Sanborn argues her breadth of experiences – from small-business owner to public school teacher and parent – will prepare her well to represent a district that includes part of Portland’s North Deering neighborhood as well as a portion of Falmouth.

“I have a very strong sense of place and of home here, and a passion for making it the best place that I can,” said Sanborn. “This is part of what motivated me to create jobs and help revitalize the East Bayside. And that is part of what motivates me to serve in Augusta as well.”


Langholtz, 56, earned his law degree from the Vermont Law School and now handles both civil and criminal cases in state and federal courts. Langholtz described himself as a fiscal conservative and is waging his second bid for the Legislature. He challenged Dion for his seat – then known as House District 113 – in 2012 but lost by a vote of 3,503 to 1,685.

Asked why he chose to run for House District 43, Langholtz replied: “To make a contribution. To try to lessen government’s involvement in people’s lives and to support the idea that people need to be more self-sufficient.”

Langholtz said welfare reform is an important issue to him, as is enacting policies that will help businesses grow. He currently runs his own law practice.

Sanborn, meanwhile, said she is most interested in working for improved schools, better access to affordable health care and “finding ways to build Maine’s next economy.” On the latter point, Sanborn believes she and her husband’s experience running Rising Tide Brewing – as well as the experiences of other small brewers in the state – offers an example of how Maine can diversify its economy and even bring back other types of manufacturing. Brewers in Portland and elsewhere have successfully capitalized on the exploding thirst for craft beer with Maine’s strong tourism and foodie culture.

“I think it helps to bring a perspective of optimism and opportunity,” Sanborn said of her experience in the brewing industry. “And that is the perspective that we have to have to get things done. We need to see that Maine has a bright future.”
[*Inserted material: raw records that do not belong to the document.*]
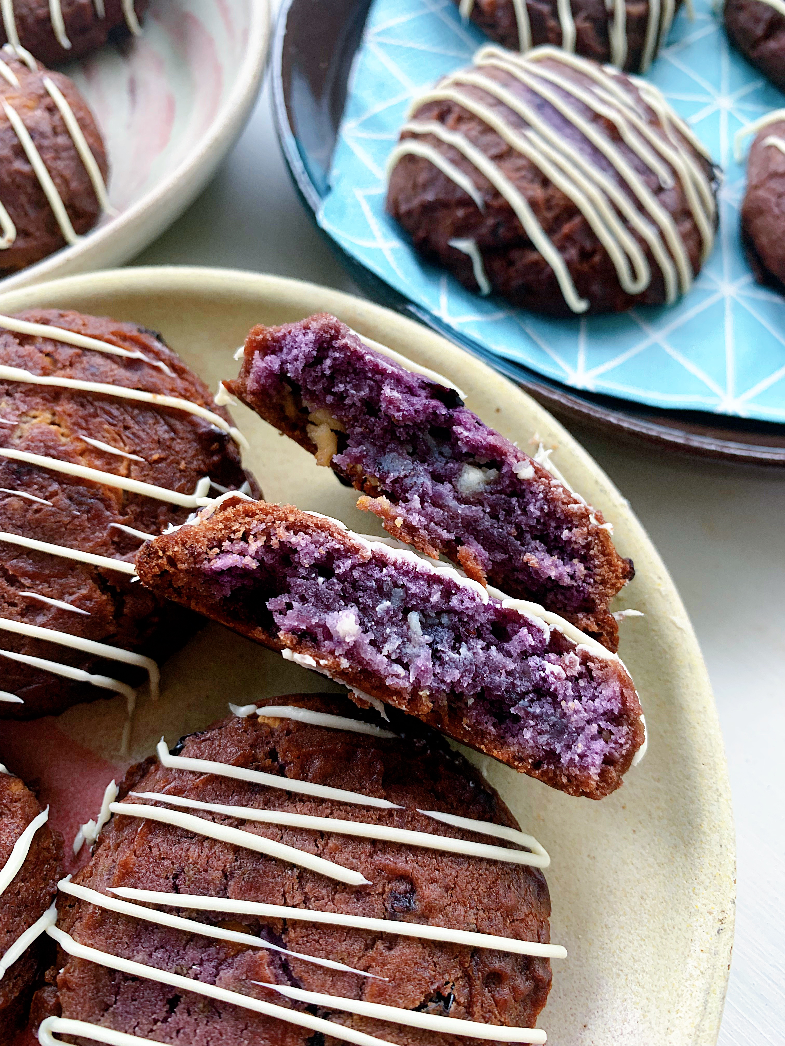 My final product wasn’t as vibrantly purple as the images – possibly because I didn’t have frozen blueberries, and possibly due to the oven temperature and bake time. I wanted it to brown up more to prevent the end product from having a mushy texture. As a result the cookies also turned out a bit more.. brown haha. But the insides did turn out a really vibrant purple, and loved how this was achieved without food colouring!
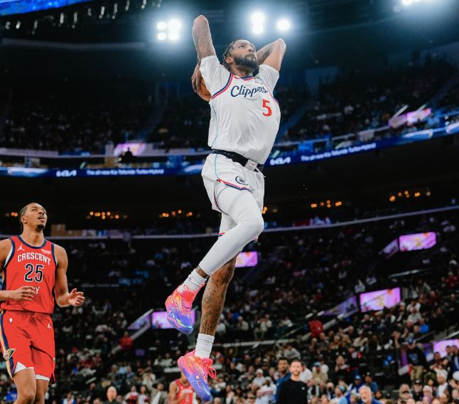首節(jié)比賽,科林斯上來(lái)連續(xù)扣籃得手,快船也占據(jù)場(chǎng)上主動(dòng),大洛佩斯和鄧恩三分命中,小瓊斯反擊暴扣取得18-8領(lǐng)先,鵜鶘隨后拿分止血,小瓊斯三分命中,倫納德突破打成2+1,隨后反擊扣籃得手,快船進(jìn)一步拉開(kāi)分差,費(fèi)爾斯上來(lái)內(nèi)突外投連續(xù)拿分止血,尼德豪澤最后兩罰全中,首節(jié)快船43-32領(lǐng)先。
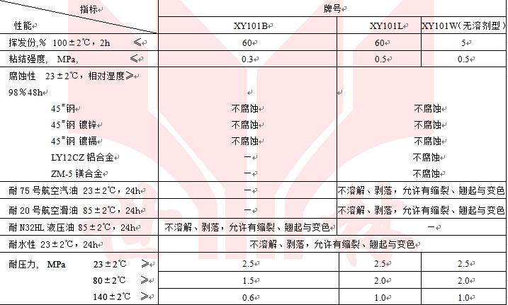 XY101各型密封膏為不干性粘彈型液態(tài)密封墊,它具有耐水、耐水與乙二醇或水與甲醇的混合物,耐汽油、噴氣燃料、礦物油、合成潤滑油、耐渦輪發(fā)動機燃燒產(chǎn)物等,它適合于航空發(fā)動機的附件機匣與壓氣機機匣結合面、附件機匣與附件安裝面等處的密封。也適合于其它發(fā)動機、大型機械或設備的相關部位密封。通常其密封間隙應小于0.04mm。但不適合于大間隙以及薄壁焊接件及沖壓件的結合面密封,也不適于帶坡度的結合面密封。其工作溫度為-50~+250℃,短期可達300℃。
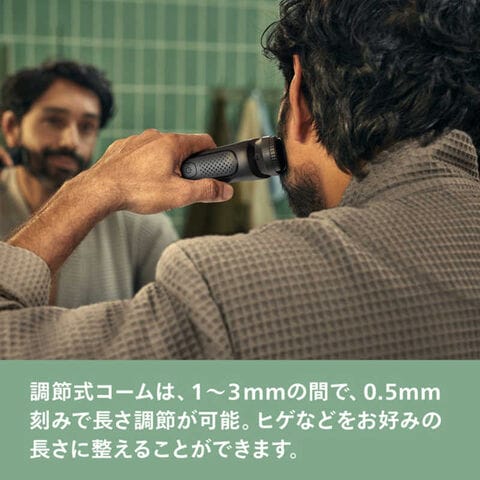 1から3mmの間で0.5mm刻みで長さ調節が可能な調節式コームで、ヒゲなどをお好みの長さで整えることができます。
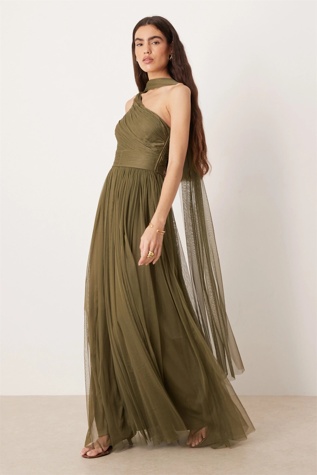 Макси-платье с одним плечом, с тюлевым шарфом на шее
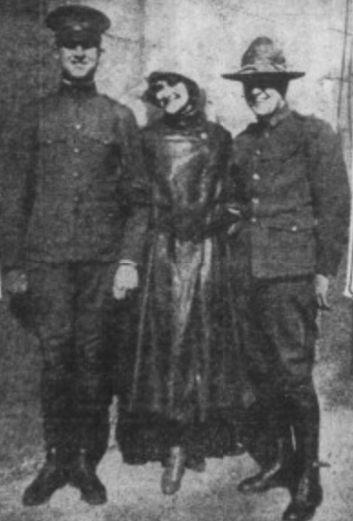 Ruth Charlotte Bush, center, with her future husband, Don Weber (left), and an Indiana friend, James Keenan (Indianapolis News, 11 May 1918)

Sanborn is a publicly funded candidate under Maine’s Clean Elections Act, which limits private contributions and provides state matching funds to House candidates. Her most recent filings with the state showed Sanborn had roughly $600 still available as of Sept. 20 out of the initial $5,500 disbursement in Clean Elections funding.

Langholtz is running as a privately or traditionally financed candidate, although campaign finance filings with the state showed he did not have any contributions or expenditures as of Sept. 20.